**Exercise description**
Reproduce, please, the line that holds "Сегодня рассмотрим пару" and all later lines through the end of the entries below, exactly; omit pictures.

Records contained in a dataset
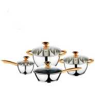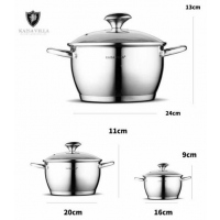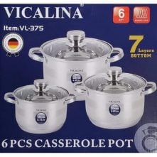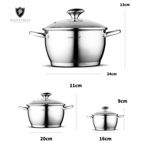 This stainless cookware set is built to last a lifetime. Elegant design, easy to use, nice to stack, excellent range of sizes. You can put them in oven with the lid on. This is the cookware set you will ever need. LFGB & FDA listed for your health, environmental-friendly & PFOA-free Teflon generates zero chemicals, defending health for you and your loved ones ERGONOMIC CURVED HANDLE: revolutionary handles are designed to keep you from fatigue even after long sessions of cooking STUNNING 6 PIECES SET: come in an elegant color, fits well into any decor, the durable, soft, comfortable and colorfast coating on handles and lid finials provide superior heat-resistant performance for your safety during cooking BREAK-RESISTANT LID & MULTI-LAYER BOTTOM: clear glass lid for easy observation during cooking; multi-layer bottoms distribute heat evenly and are compatible with types of cooking range including induction cooker, gas range What’s on the box? saucepan with lid16 X 9.5cm1.9L*Casserole with lid16 X 9.5cm1.9L18 X 10.5cm2.5L20 X 11.5cm3.4L24 X 13.5cm5.8L*Frypan with lid & Marble Coating24 X 6.5cm Key Features: Color : Silver Material: stainless steel. Cover material: heat resistant glass. Number of items in a set: 6 Bottom type: 5-layer. Measurement scale: yes. Handles fastening method: riveted connection. Handle type: hollow. Lid with a steam outlet: yes. Metal polishing: mirror / satin. Dishwasher safe: yes. K-gold plate knob and handle
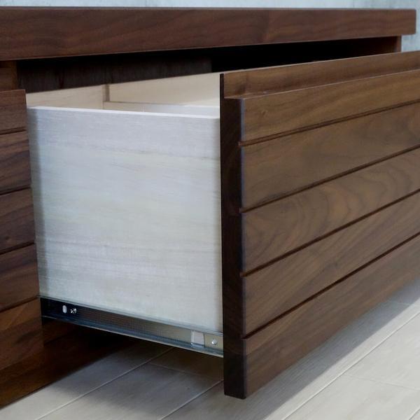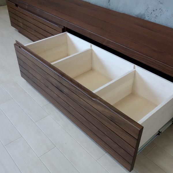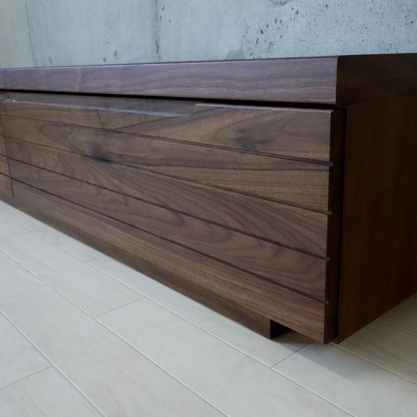 前板に無垢材を使った、飽きの来ないシンプルモダンスタイルのテレビボードです。
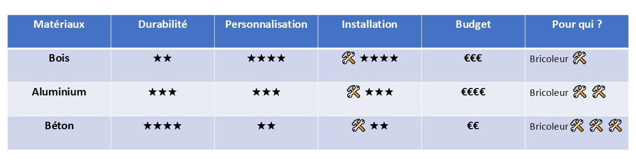 L’aluminium est à la fois léger et robuste, ce qui facilite l’installation tout en garantissant une grande stabilité de la structure.
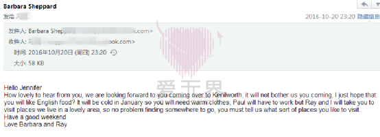 冯女士已购买1月26号到2-15号过去英国先见paul的父母,是否直接在英国结婚登记结婚还是按照之前所商量的浪漫约定是在paul 4月26号再来中国结婚登记,还在商量中。让我们一起祝福paul和Jennifer吧!
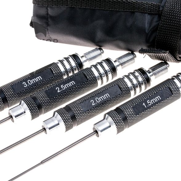 В наборе поставляется 4 ключа HEX (шестигранник) с размерами:
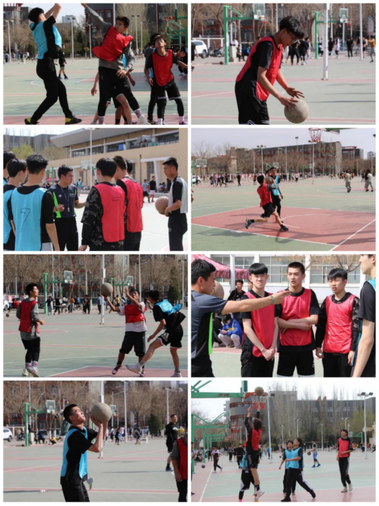 随着裁判的哨响,整个球场就充满了紧张的气氛,双方队员拼抢激烈,带球、运球、投篮,你投一个两分,我追一个三分,球员们的激情随着挥洒的汗水淋漓尽致地展现在球场上,比分也在不停的变化。在场同学情绪高涨、摇旗呐喊,不时为队员打气、喝彩,现场气氛热烈。
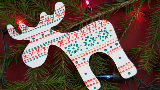 Сегодня рассмотрим пару простых способов сделать декоративные подвески из бумаги для новогодней ёлочки или украшения интерьера. Их можно подвесить в качестве одиночного украшения или создать гирлянду. Точечная роспись. Фигурки лосей. 1. Находим в интернете или рисуем самостоятельно симпатичную фигурку животного. Мы выбрали Лося — есть в нём что-то зимнее, новогоднее и уютное. Распечатываем изображение и делаем трафарет. Затем, пользуясь шаблоном, обводим и вырезаем фигурки из плотного картона.  2...
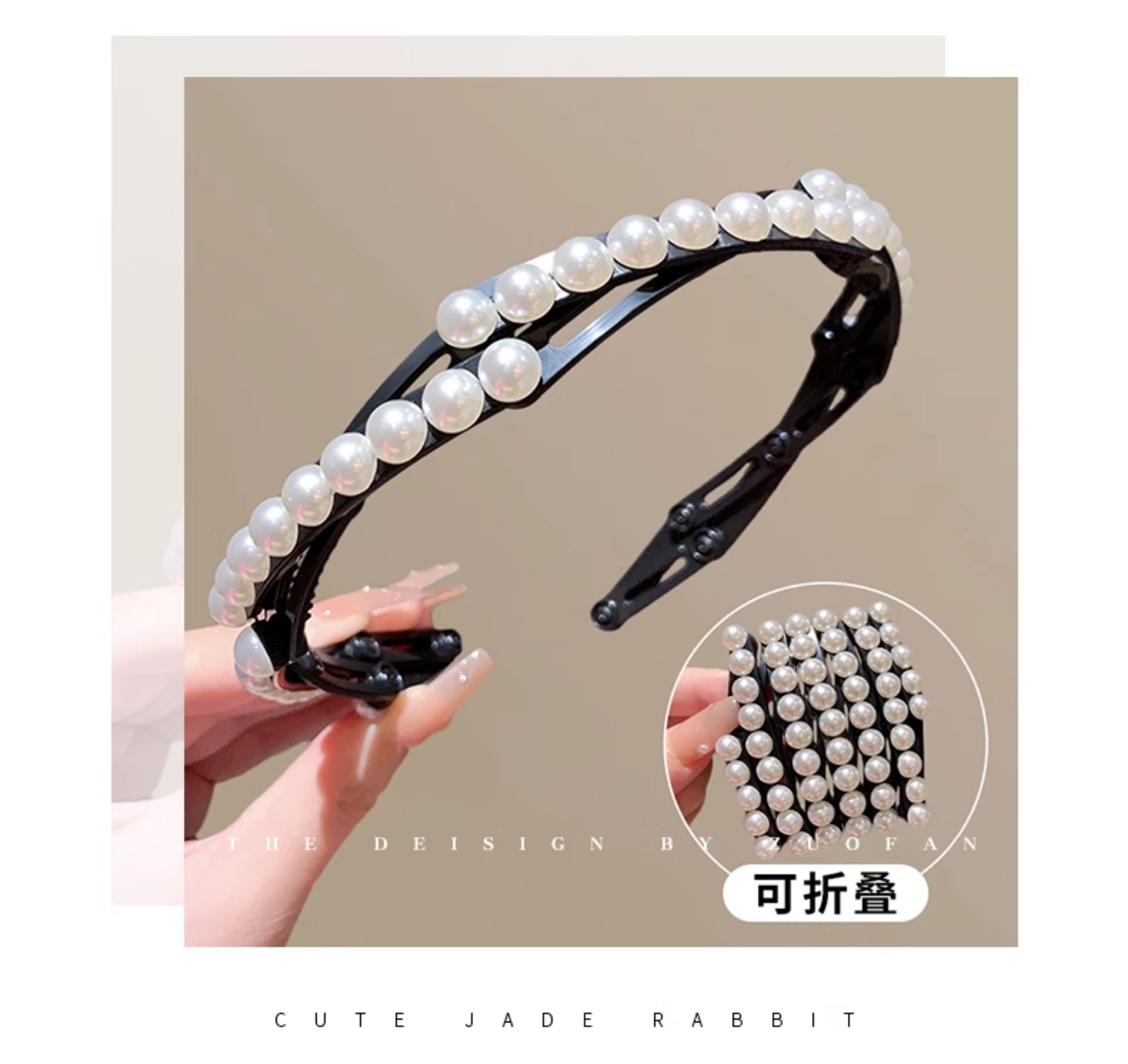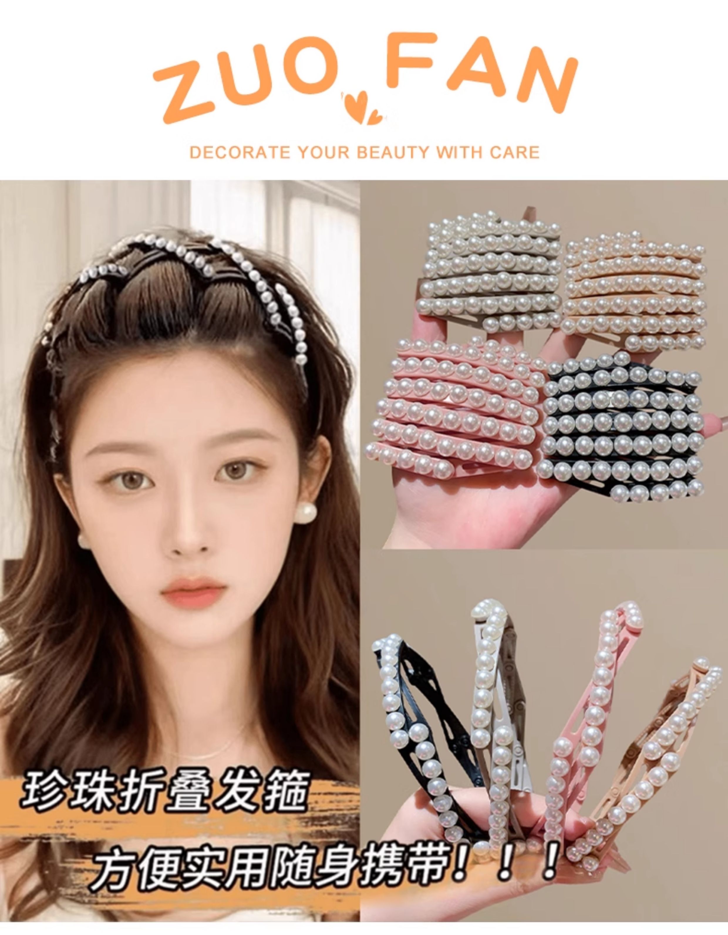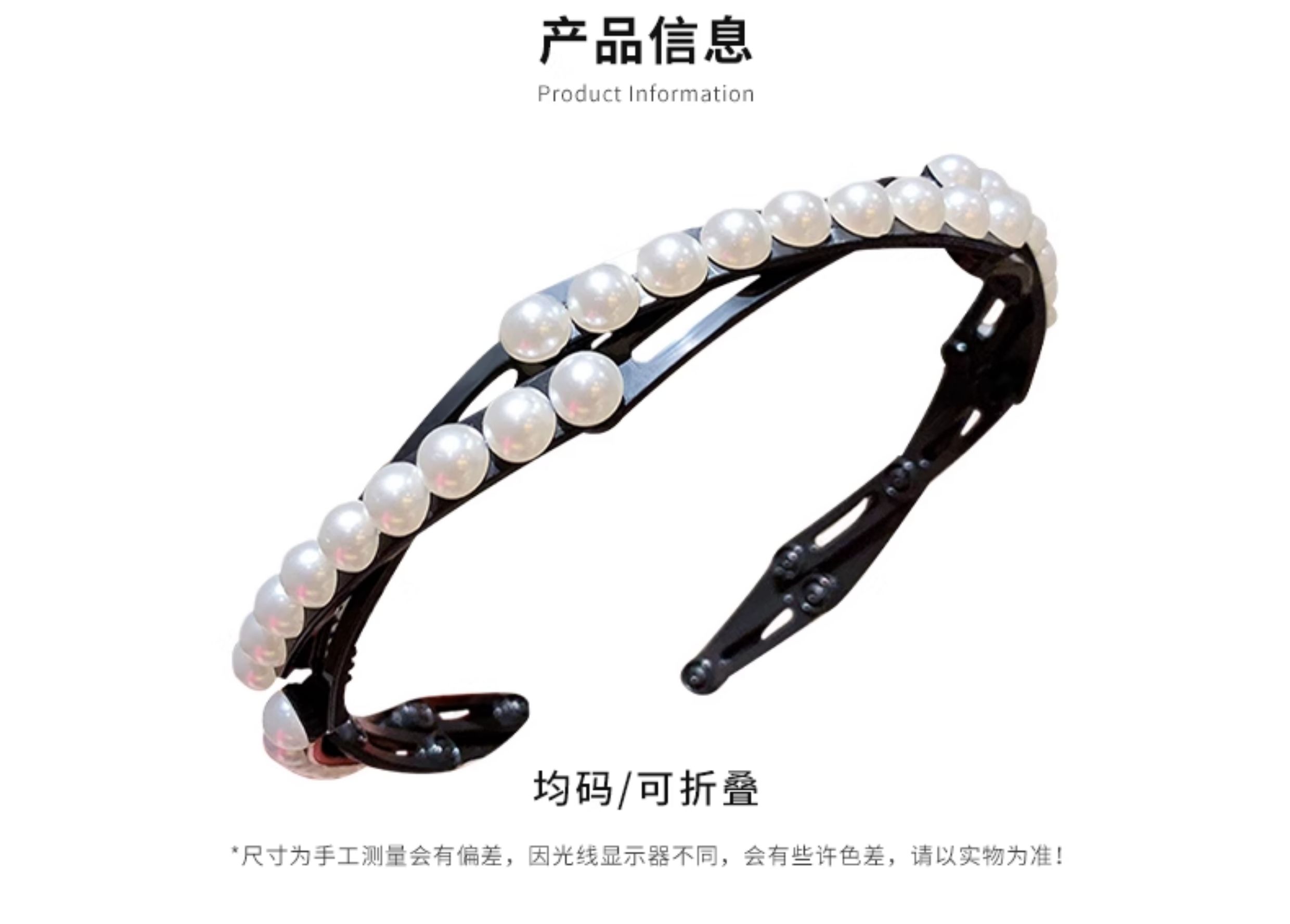 珠珠折叠发箍女2025新款洗脸头箍刘海前额碎发固定发箍夏天头饰

**Solution to this problem**
 Сегодня рассмотрим пару простых способов сделать декоративные подвески из бумаги для новогодней ёлочки или украшения интерьера. Их можно подвесить в качестве одиночного украшения или создать гирлянду. Точечная роспись. Фигурки лосей. 1. Находим в интернете или рисуем самостоятельно симпатичную фигурку животного. Мы выбрали Лося — есть в нём что-то зимнее, новогоднее и уютное. Распечатываем изображение и делаем трафарет. Затем, пользуясь шаблоном, обводим и вырезаем фигурки из плотного картона.  2...
 珠珠折叠发箍女2025新款洗脸头箍刘海前额碎发固定发箍夏天头饰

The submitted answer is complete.